If we were investigating the California Housing Prices Dataset the following would be our independent variables:

  • longitude and latitude
  • housing median age
  • total rooms
  • total bedrooms
  • population: total number of people residing in a block
  • households: total number of households (a group of people residing in the same unit) in a block
  • ocean proximity

Dependent Variables

These are the thing we’re actually studying. Their values are, theoretically2, dependent on the values of the inputs or independent variables.

Examples:

Milkman et al were studying the impact of reward bundling on gym attendance so their dependent variable was average weekly gym attendance frequencies3.

When performing regression on the California Housing Prices dataset this would be median housing price.

Controlled variables

Control or controlled variables are those which are kept the same throughout the whole experiment, they are potential confounding variables which have been identified and neutralised by the experimenter.

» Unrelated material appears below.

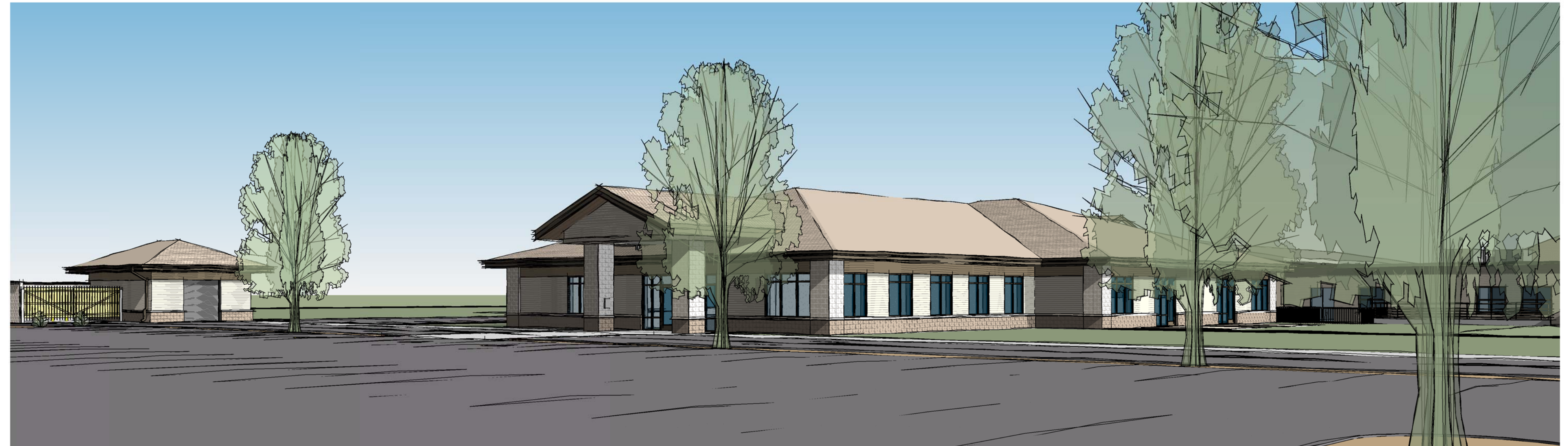
PARKING LOT VIEW FROM SOUTH

Any change to these variables invalidates correlation between the independent and dependent variables.

Confounding (Extraneous) Variables

A confounding variable is one that might influence the dependent variable and whose effects might explain the outcome if not controlled for. There are three types of confounding variable: situational, participant, and experimenter effect1.

Situational

Aspects of the environment such as light levels, noise etc.

For example in Milkman et al the gym itself becomes a variable, and one that is not easily controlled beyond limiting participants to a single gym.

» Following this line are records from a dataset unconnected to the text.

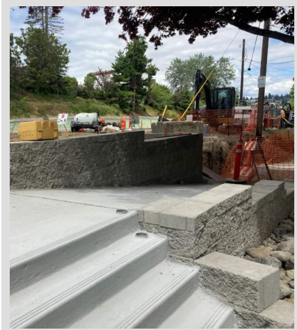
Construction of Lower Washington Ave Sidewalk to Roundabout Sidewalk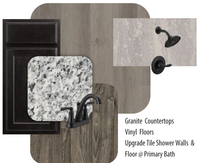
LL Bath Vinyl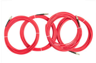
High Voltage Cable Assemblies

Widlus and Jones’ study Do Exploratory Arm Movements Contribute to Reach-Ability Judgments? possibly provides better examples of this. In this study they randomised starting distances and angles so that the participants couldn’t use aspects of the environment (walls, marks on the floor etc) as aids to judgement of their ability to reach the object at the focus of the experiment.

Participant

The ways in which participants vary from each other: experience, mood, anxiety etc.

For Milkman et al, this could include determination to get fit, anxiety associated with public exercise, mood on any given day etc.

While for Widlus and Jones it might include aspects of the participants personal life, for example those who climb are generally better at judging whether or not they can reach something as it is a skill they practice on a regular basis.

Experimenter effect

The experimenter unconsciously conveying to the participants what the outcomes are that they want, and how they want them to behave. The experimenter may be totally unaware that they are doing this.

While neither of these studies provide a good example of this it is something which is commonly seen in surveys, where questions are frequently subtly (or occasionally overtly) leading the respondee towards the desired outcome of the study.

Sources

McLeod, S. A. (2018, Aug 10). Independent, dependent and extraneous variables. Retrieved from https://www.simplypsychology.org/variables.html Singh and Bajapi (2008) Research Methodology: Techniques & Trends. APH Publishing Corporation, New Delhi.

  1. while these last two aren’t directly under the control of the experimenter it is possible to set your groups up in such a way as to assess the impact that gender and age have on the dependent variables.  2

  2. This may not actually be the case, as there may of course be no relation between the two at all. 

  3. Clearly this doesn’t actually tell you anything about the quality of the time put in, but as that wasn’t the focus of the study it doesn’t much matter.